This is not usually considered to be a problem on the general Internet or within EC2 datacenters, where data transfer is cheap. It can be quite a challenge when one of those parties is using a cellphone, however. That makes any scheme using these technologies subject to some very serious limitations.

Homomorphic encryption schemes take a different approach. These systems make use of specialized encryption schemes that are malleable. This means that encrypted data can be “modified” in useful ways without ever decrypting it.

In a bit more detail: in fully-homomorphic encryption MPC systems, a first party can encrypt its data under a public key that it generates. It can then send the encrypted data to a second party. This second party can then perform calculations on the ciphertext while it is still encrypted — adding and multiplying it together with other data (including data encrypted by the second party) to perform some calculation. Throughout this process all of the data remains encrypted. At the conclusion of this process, the second party will end up with a “modified” ciphertext that internally contains a final calculation result, but that it cannot read. To finish the protocol, the second party can send that ciphertext back to the first party, who can then decrypt it using its secret key and obtain the final output.

The major upshot of the pure-FHE technique is that it substantially reduces the amount of data that the two parties need to transmit between them, especially compared to the other MPC techniques. The downside of this approach is… well, there are several. One is that FHE calculations typically require vastly more computational effort (and hence time and carbon emissions) than the other techniques. Moreover, they may still require a good deal of data transfer — in part because the number of calculations that one can perform on a given ciphertext is usually limited by “noise” that turns up within the ciphertext. Hence, calculations must either be very simple or else broken up into “phases”, where the partial calculation result is decrypted and re-encrypted so that more computation can be done. This can be done interactively between the parties, or by the second party alone (using a technique called “bootstrapping”) but in both cases the cost is either much more bandwidth exchanged or a great deal of extra computation.

In practice, cryptographers rarely commit to a single approach. They instead combine all these techniques in order to achieve an appropriate balance of data-transfer and computational effort. These “mixed systems” tend to have merely large amounts of data transfer and large amounts of computation, but are still amazingly efficient compared to the alternatives.

For an example of this, consider this very optimized two-party MPC scheme aimed at performing neural network classification.

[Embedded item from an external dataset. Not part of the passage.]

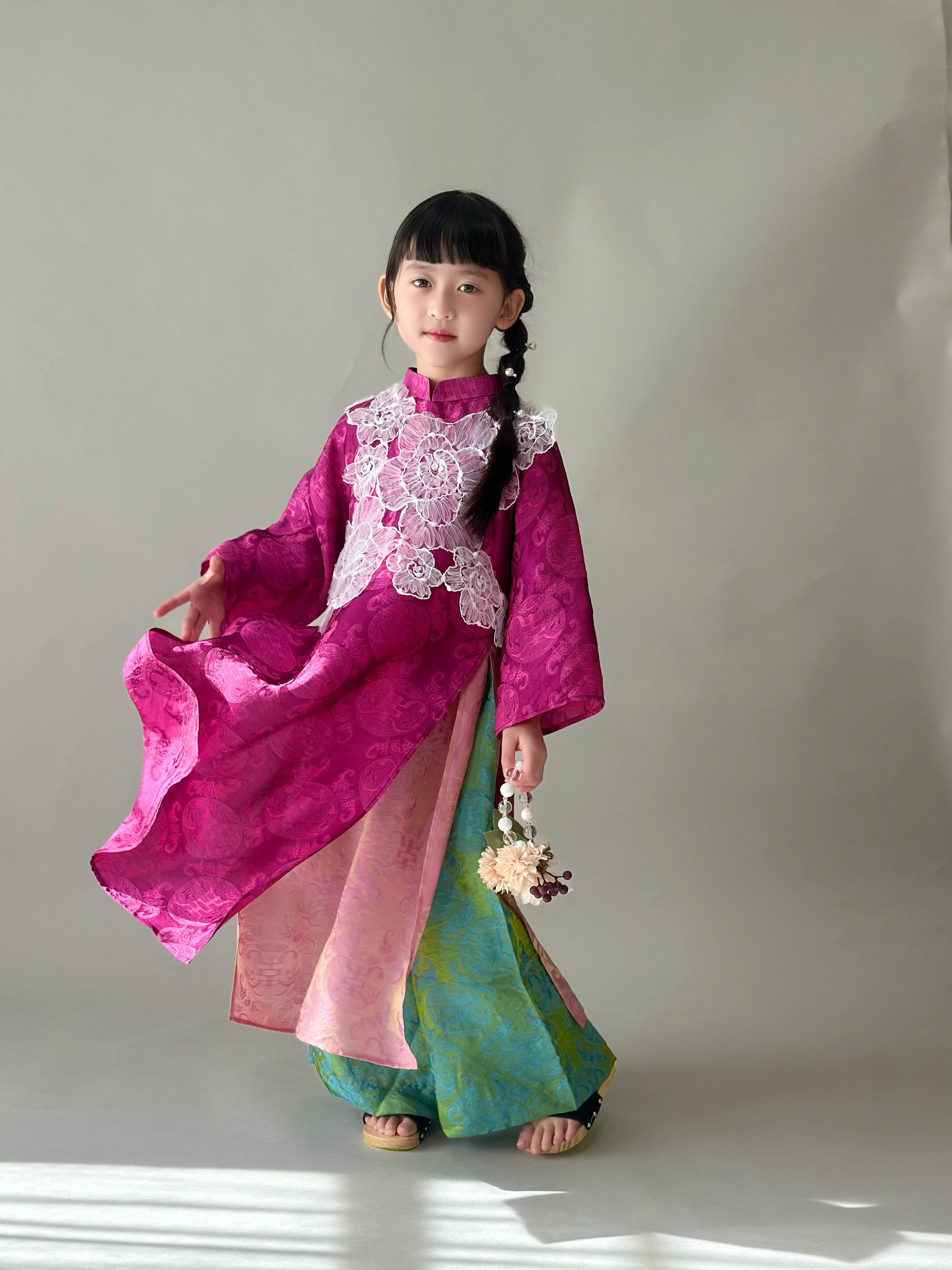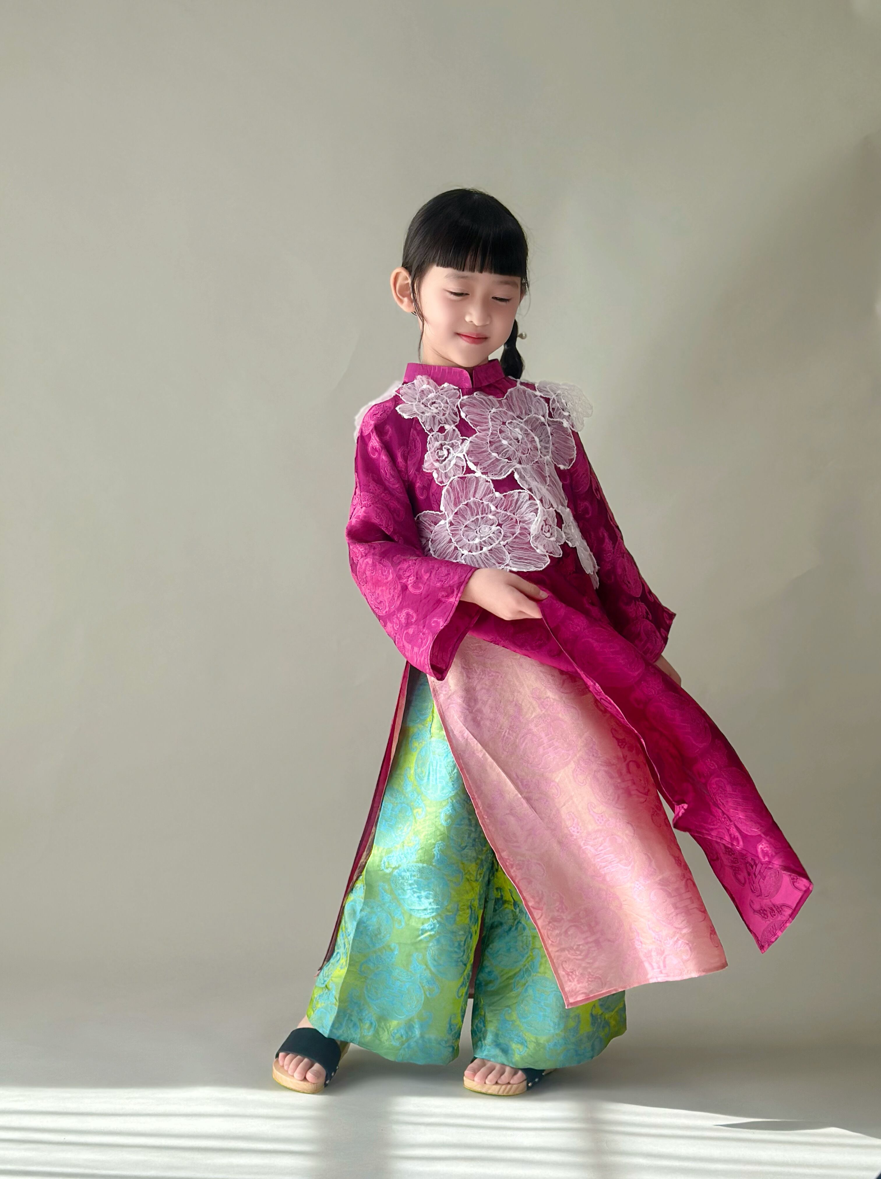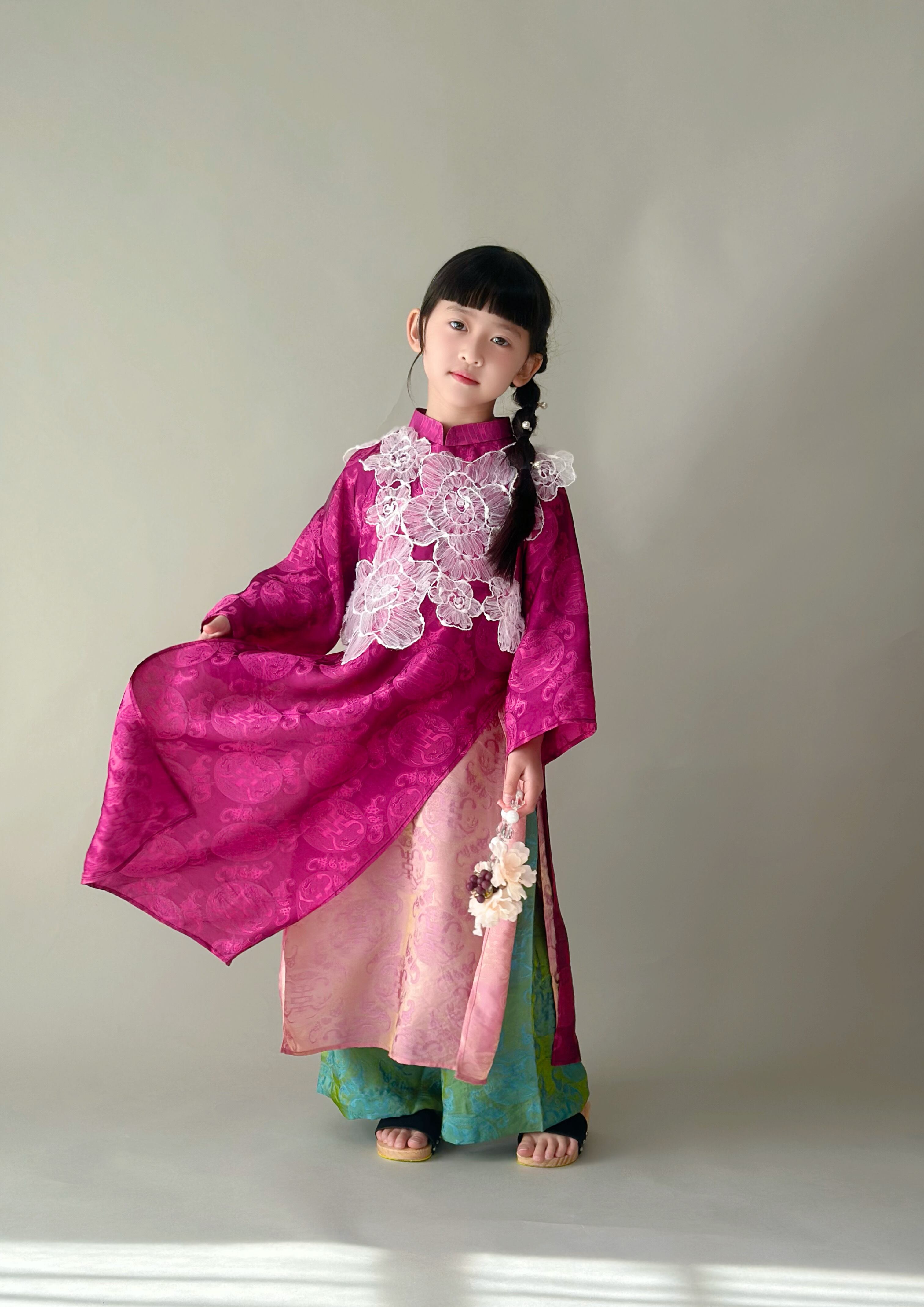 No.T2652|ハンドメイド 子供用アオザイセット シルク レース花モチーフ手縫い

This scheme takes (from the client) a 32×32 image, and evaluates a tiny 7-layer neural network held by a server in order to perform classification. As you can see, evaluating the model even on a single image requires about 8 seconds of computation and 200 megabytes of bandwidth exchange, for each image being evaluated:

Source: MUSE paper, figure 8. These are the times for a 7-layer MiniONN network trained on the CIFAR-10 dataset.

These numbers may seem quite high, but in fact they’re actually really impressive as these things go. Previous systems used nearly an order of magnitude more time and bandwidth to do their work. Maybe there will be further improvements in the future! Even on a pure efficiency basis there is much work to be done.

What are the other risks of MPC in this setting?

The final point I would like to make is that secure MPC (or MPC built using FHE as a tool) is not itself enough to satisfy the requirements of a safe content scanning system. As I mentioned above, MPC systems merely evaluate some function on private data. The question of whether that function is safe is left largely to the system designer.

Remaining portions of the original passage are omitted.